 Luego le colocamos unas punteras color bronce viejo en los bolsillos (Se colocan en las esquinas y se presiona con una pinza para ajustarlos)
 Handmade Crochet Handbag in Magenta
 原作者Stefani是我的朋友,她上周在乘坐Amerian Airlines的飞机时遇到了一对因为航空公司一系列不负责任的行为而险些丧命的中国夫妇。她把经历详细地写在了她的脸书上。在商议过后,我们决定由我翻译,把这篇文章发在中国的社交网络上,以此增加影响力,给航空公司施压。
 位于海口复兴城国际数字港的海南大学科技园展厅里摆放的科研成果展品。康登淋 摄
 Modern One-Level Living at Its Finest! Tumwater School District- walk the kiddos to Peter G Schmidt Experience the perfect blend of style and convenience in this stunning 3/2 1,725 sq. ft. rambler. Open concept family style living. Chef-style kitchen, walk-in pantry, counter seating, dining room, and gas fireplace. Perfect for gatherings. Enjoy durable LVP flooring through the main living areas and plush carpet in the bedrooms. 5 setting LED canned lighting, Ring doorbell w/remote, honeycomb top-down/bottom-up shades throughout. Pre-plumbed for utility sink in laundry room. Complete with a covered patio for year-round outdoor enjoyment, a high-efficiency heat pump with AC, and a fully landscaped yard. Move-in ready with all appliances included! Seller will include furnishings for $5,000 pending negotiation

______________________________

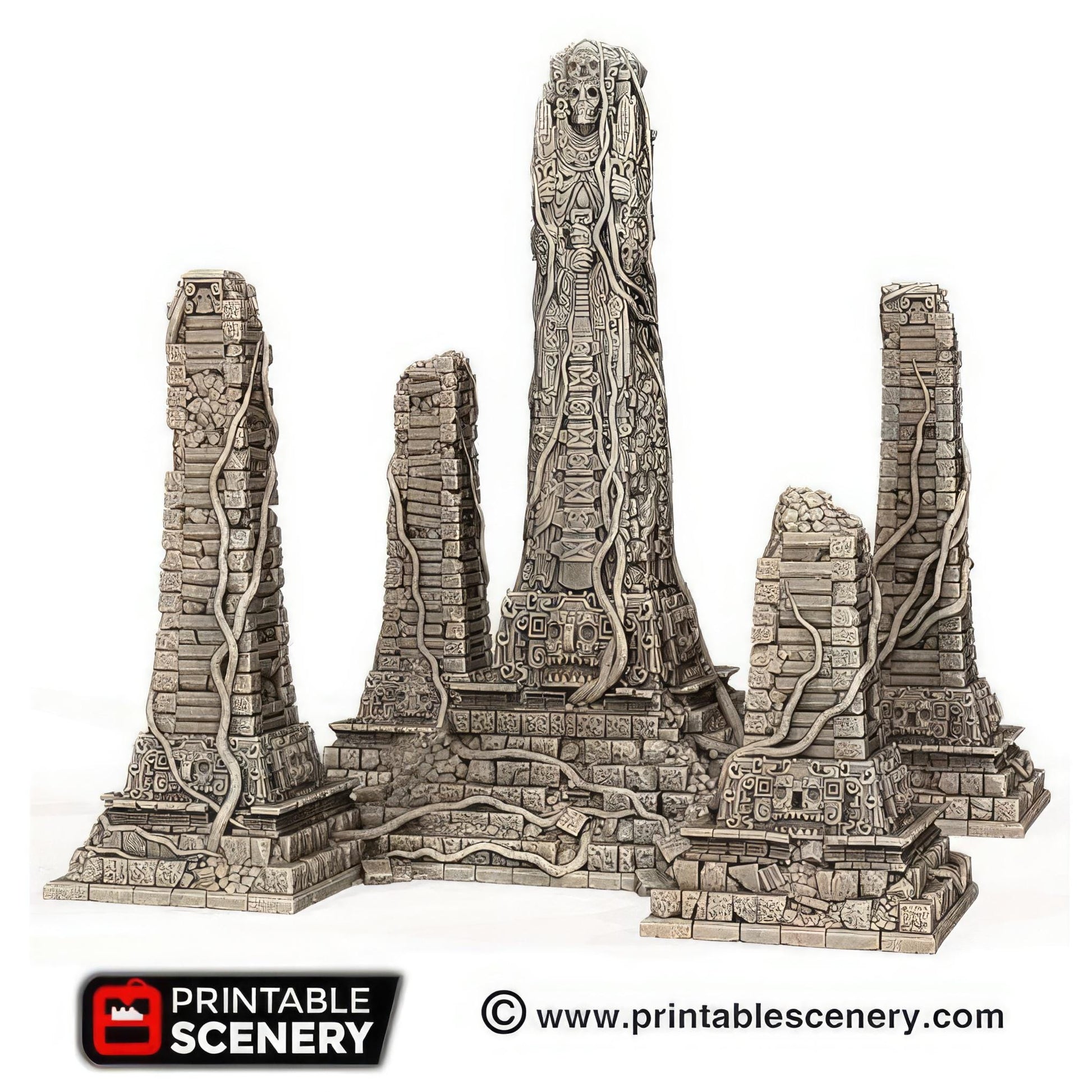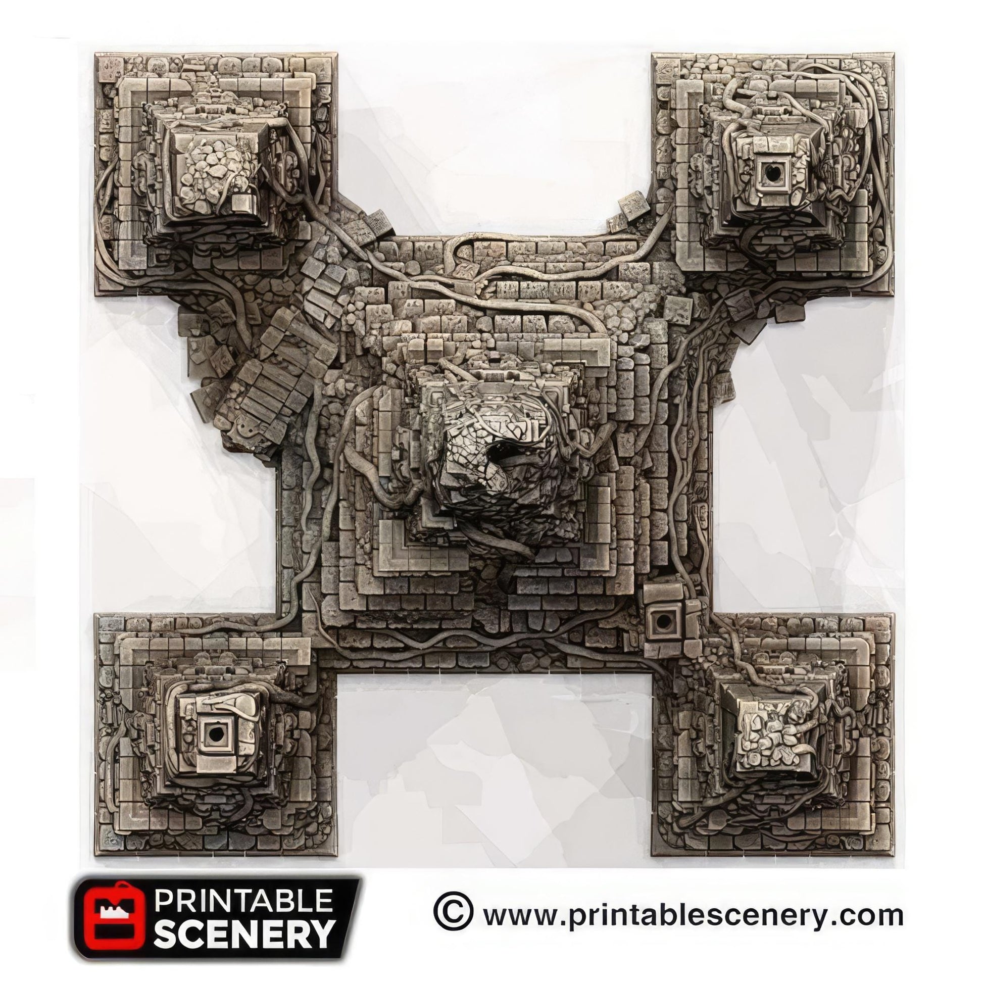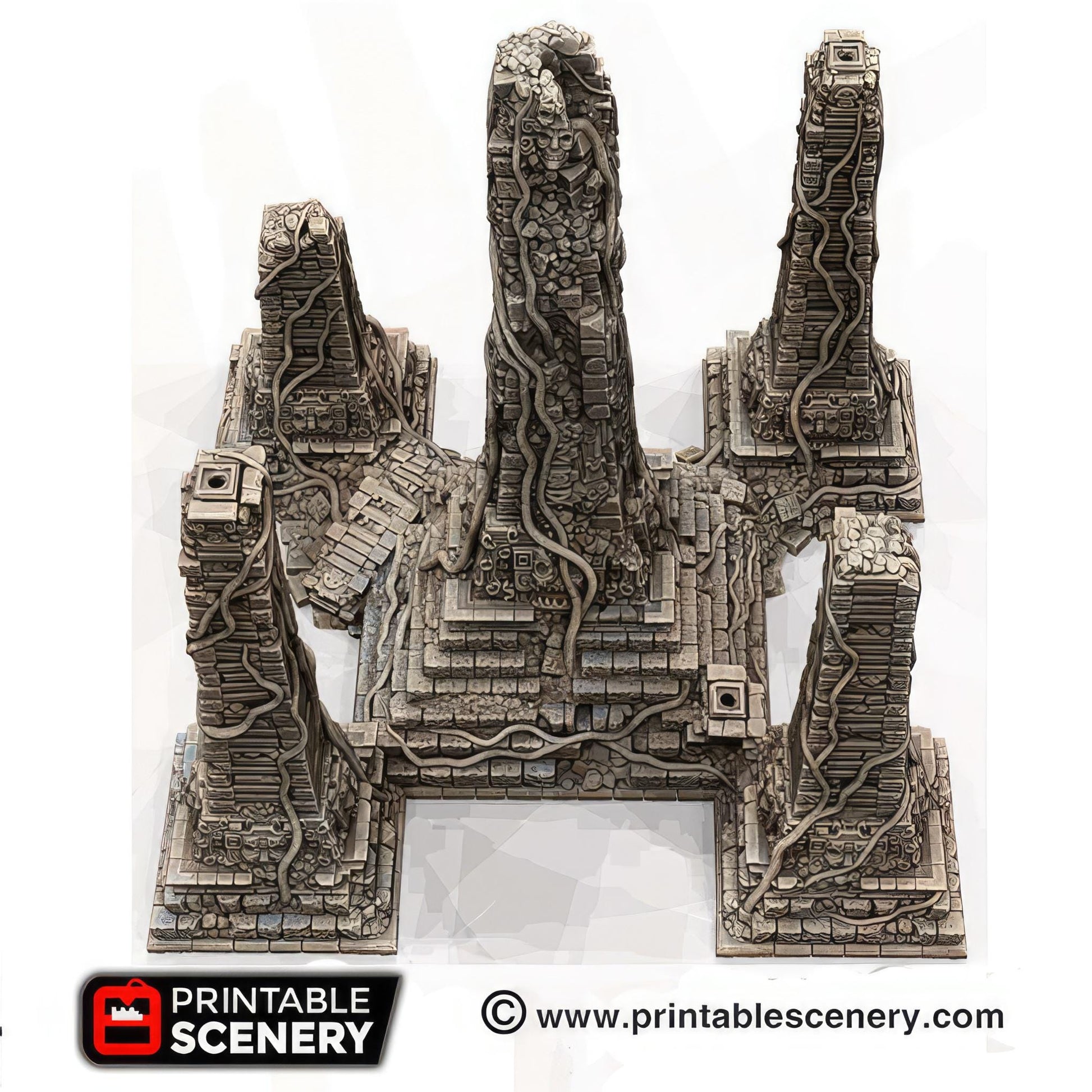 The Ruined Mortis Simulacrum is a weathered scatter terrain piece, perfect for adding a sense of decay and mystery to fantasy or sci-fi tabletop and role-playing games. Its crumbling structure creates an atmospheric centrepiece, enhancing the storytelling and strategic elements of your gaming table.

______________________________

◆ EXERCISE INSTRUCTIONS
Only the lines above from the one with "原作者Stefani是我的朋" through the one with "Modern One-Level Living" should be duplicated, character for character.

◆ SOLUTION TO THE EXERCISE
 原作者Stefani是我的朋友,她上周在乘坐Amerian Airlines的飞机时遇到了一对因为航空公司一系列不负责任的行为而险些丧命的中国夫妇。她把经历详细地写在了她的脸书上。在商议过后,我们决定由我翻译,把这篇文章发在中国的社交网络上,以此增加影响力,给航空公司施压。
 位于海口复兴城国际数字港的海南大学科技园展厅里摆放的科研成果展品。康登淋 摄
 Modern One-Level Living at Its Finest! Tumwater School District- walk the kiddos to Peter G Schmidt Experience the perfect blend of style and convenience in this stunning 3/2 1,725 sq. ft. rambler. Open concept family style living. Chef-style kitchen, walk-in pantry, counter seating, dining room, and gas fireplace. Perfect for gatherings. Enjoy durable LVP flooring through the main living areas and plush carpet in the bedrooms. 5 setting LED canned lighting, Ring doorbell w/remote, honeycomb top-down/bottom-up shades throughout. Pre-plumbed for utility sink in laundry room. Complete with a covered patio for year-round outdoor enjoyment, a high-efficiency heat pump with AC, and a fully landscaped yard. Move-in ready with all appliances included! Seller will include furnishings for $5,000 pending negotiation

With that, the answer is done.